## [Exercise description]
Only the pictures should be left out; repeat the rest of the data exactly.

## [Data segment]

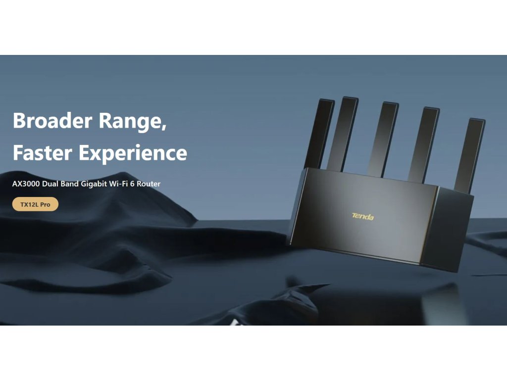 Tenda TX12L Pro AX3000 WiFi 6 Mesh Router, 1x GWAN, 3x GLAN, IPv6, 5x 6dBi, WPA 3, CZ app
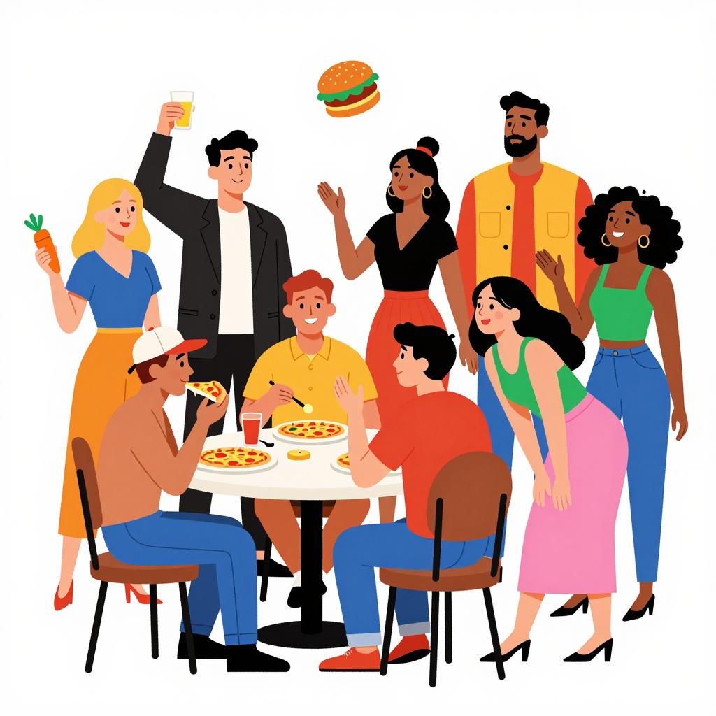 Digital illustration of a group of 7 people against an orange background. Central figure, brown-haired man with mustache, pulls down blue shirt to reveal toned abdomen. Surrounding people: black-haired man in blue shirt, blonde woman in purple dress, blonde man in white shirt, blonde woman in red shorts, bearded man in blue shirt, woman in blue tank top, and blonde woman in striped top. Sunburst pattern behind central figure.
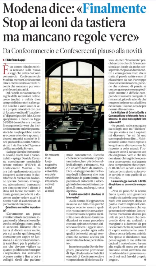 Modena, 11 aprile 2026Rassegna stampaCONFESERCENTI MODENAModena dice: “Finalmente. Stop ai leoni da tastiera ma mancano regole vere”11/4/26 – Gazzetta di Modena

## [Task solution]
 Tenda TX12L Pro AX3000 WiFi 6 Mesh Router, 1x GWAN, 3x GLAN, IPv6, 5x 6dBi, WPA 3, CZ app
 Digital illustration of a group of 7 people against an orange background. Central figure, brown-haired man with mustache, pulls down blue shirt to reveal toned abdomen. Surrounding people: black-haired man in blue shirt, blonde woman in purple dress, blonde man in white shirt, blonde woman in red shorts, bearded man in blue shirt, woman in blue tank top, and blonde woman in striped top. Sunburst pattern behind central figure.
 Modena, 11 aprile 2026Rassegna stampaCONFESERCENTI MODENAModena dice: “Finalmente. Stop ai leoni da tastiera ma mancano regole vere”11/4/26 – Gazzetta di Modena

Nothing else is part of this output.